If you’ve been around farm animals, you’ve likely heard of sugardine. It’s a mixture of 1 part povidone iodine to 3 parts sugar mixed to make a paste to use on a wound. It’s one of the most effective antiseptics around and promotes healing, too. Sugar and iodine work well because sugar is obviously too dry to adhere to the wound effectively and iodine is too runny. Mix them together to make a paste, and you’ve got a good recipe that combines all of the benefits of both ingredients.
Ouch. You’ve heard about using this for wound care as a kid. As a matter of fact, you’ve probably run screaming from the house when you saw the bottle. Alcohol is a decent antiseptic because it kills bacteria, viruses and fungi by denaturing their proteins, rendering them useless.
However, alcohol can’t kill bacterial spores. That means it’s not an effective method of sterilization but it still works well as a skin and hard surface antiseptic. It needs to be at a concentration of between 60 and 90 percent.
You see it all the time in westerns – the wounded cowboy is biting down on a piece of leather and somebody is pouring his whiskey or moonshine (yowza) into his wound to clean it. But does it work. Actually, the answer is yes. It needs to be between 120 and 180 proof to be most effective.
You should know though, that many studies show that ethyl alcohol, the alcohol in liquor, doesn’t kill some bacteria, including Clostridium, the bacteria responsible for tetanus, botulism, and gas gangrene. Still it kills most others, though it works slower than isopropyl alcohol.
So, if you’ve got the vodka or the whiskey and a wound that needs cleaning, bite down on the strop and pour it on. Since it has other uses such as making tinctures and drinking, it’s a good thing to have around.
That antiseptic mouthwash that you have in the cabinet is acceptable for use as an antiseptic because of the high concentrations of alcohol and chlorhexidine. The latter, unlike alcohol, does kill spores and is considered both a germicidal and a disinfectant, so it’s a good combination.
For centuries honey has been used as an antiseptic and research backs it up. Honey is antibacterial, antifungal, and antiviral. Make sure your wound is clean and you will definitely need to cover the it after putting honey on it. Otherwise, you’re a walking debris magnet.
Honey is also one of the items on this list that you can “grow” yourself, so you’d never have to worry about running out.
Peroxide – NOT
We all have it in our medicine cabinets.
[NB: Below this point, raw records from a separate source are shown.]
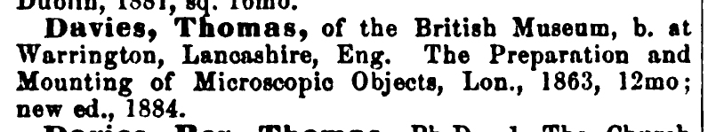 It has long been assumed that the book’s author was a London-based mineralogist named Thomas Davies, who lived from 1837 to 1892. This attribution dates back to at least 1891, when Allibone's Critical Dictionary of English and American Authors described the geologist as having been the author (Figure 2). Whoever compiled the entry for Davies did not research the topic very well, as it contains at least one obvious falsehood. The mineralogist was born in the parish of St. Pancras, London, not in Warrington. There are no indications that this Davies ever lived in Warrington, which is located between Liverpool and Manchester, England. As discussed below in greater detail, the author of The Preparation and Mounting of Microscopic Objects was definitely from Warrington.
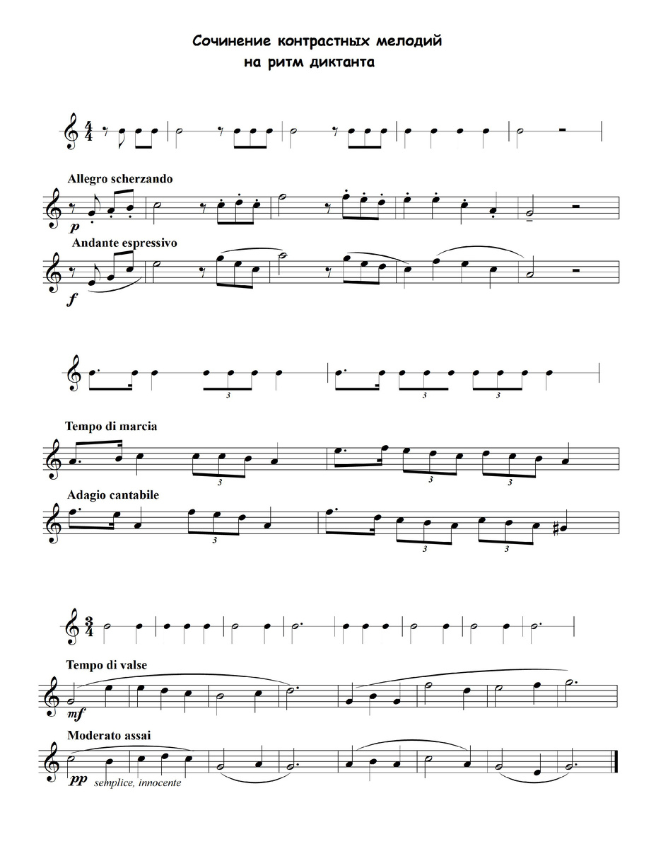 Предлагаем Вашему вниманию творческий способ работы с ритмическим диктантом. На записанный ритм можно предложить сочинить две максимально непохожие друг на друга мелодии – с контрастными темпами, жанрами, штрихами, а после сыграть или спеть их.
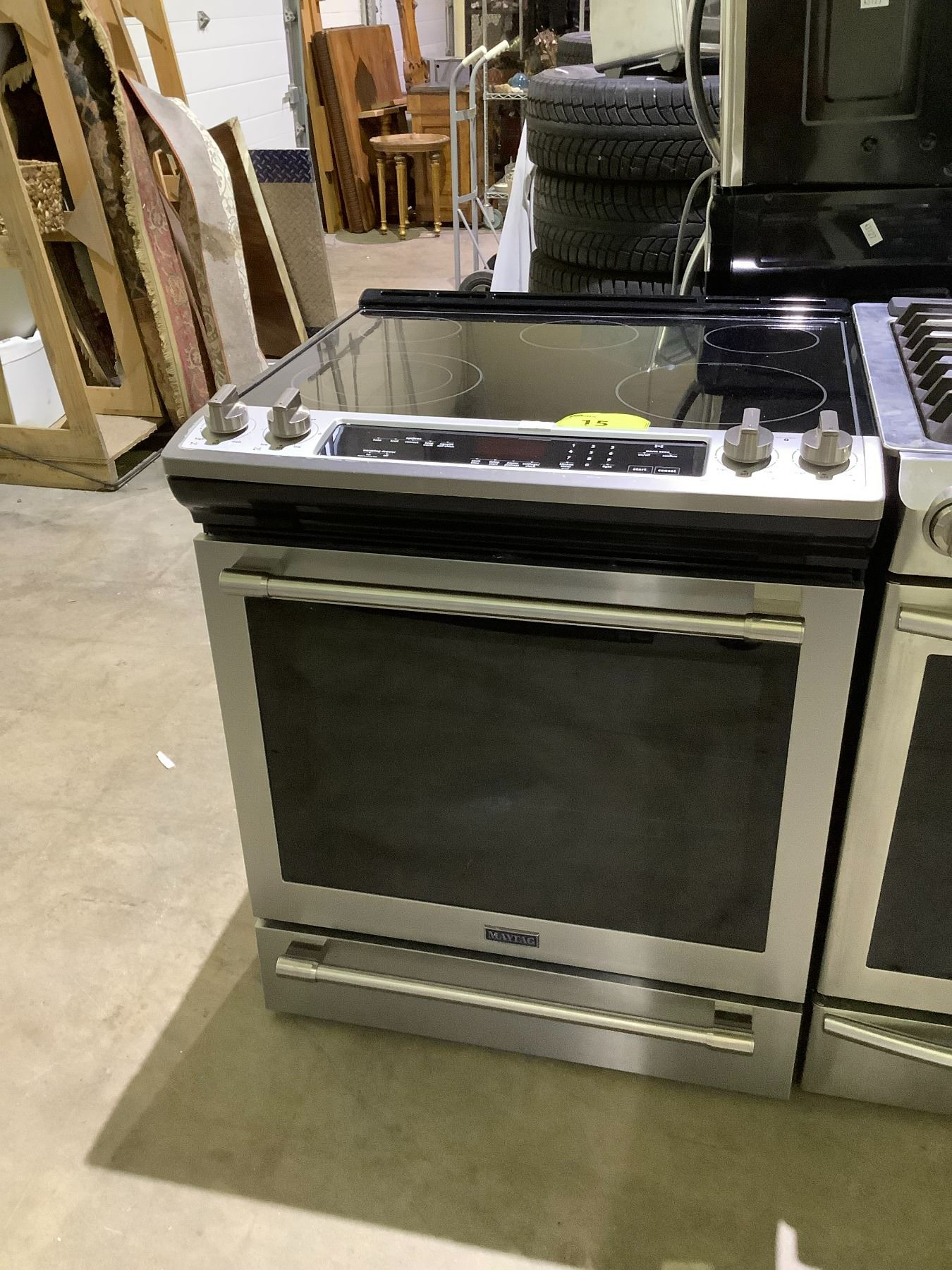 MAYTAG STAINLESS STEEL ELECTRIC GLASS TOP STOVE
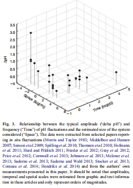數據:圖4顯示,pH變化速率隨尺度減小而增加(微尺度達>0.1單位/分鐘),開闊海變化緩慢。
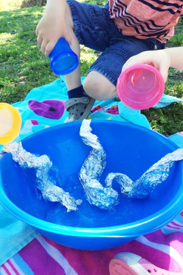 We loved the interesting sound that the water made when we poured it over the tin foil! This water play idea offers tons of fun sensory input.
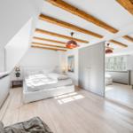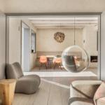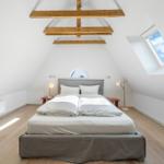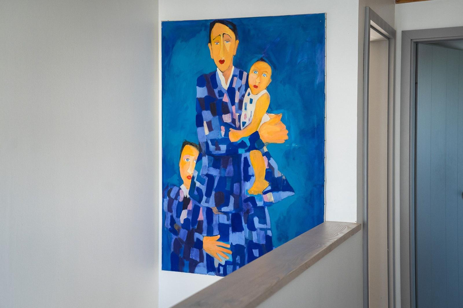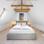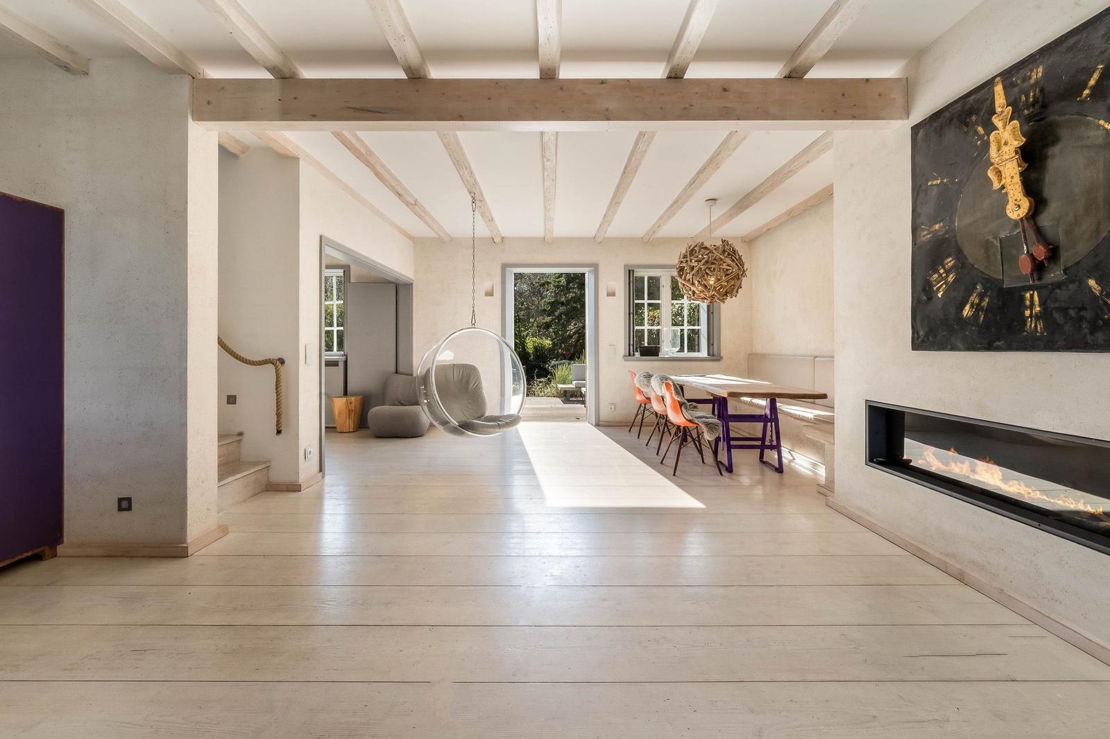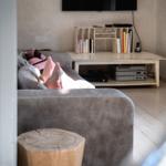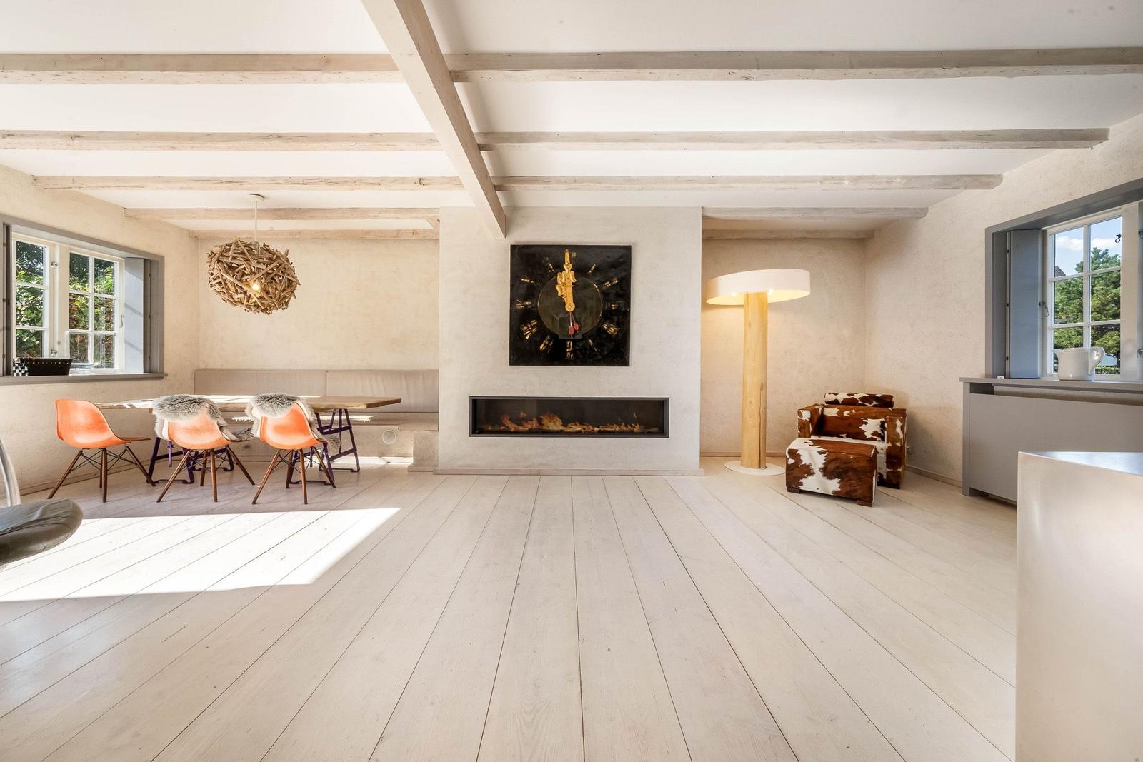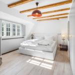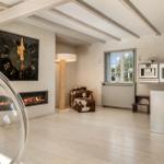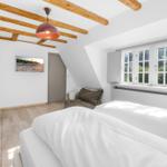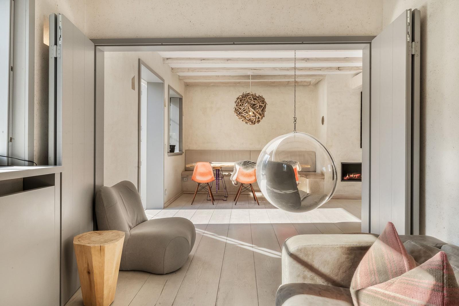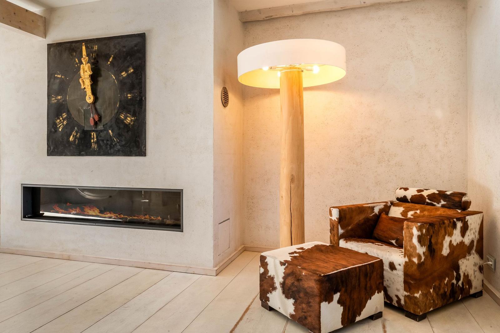 This cozy holiday apartment offers an exquisite blend of comfort and functionality. With two spacious bedrooms featuring five double beds, it can accommodate families or groups with ease. The open living area is designed for relaxation, showcasing a comfortable sofa, armchairs, and a stylish fireplace, creating a warm ambiance.

My mom was a nurse (a very smart one), so I was taught growing up that peroxide wasn’t any good as an antibacterial but was helpful in bubbling up and helping get rid of debris in the wound. That’s a fact. Research shows that it doesn’t retard growth, but it doesn’t kill bacteria, either.
So, it’s good to keep on hand to “bubble out the dirt” as Mom used to say, but you need to follow it up with a good antiseptic.
Disinfecting a wound as soon as possible and keeping it disinfected while it’s healing is the best way to prevent infection and promote healing. Especially in a survival situation where you may not have access to hospitals or antibiotics, preventing infection is critical to staying alive. Also, know your first aid!
Remember that knowledge is the only doctor that can save you when there is no medical help around you.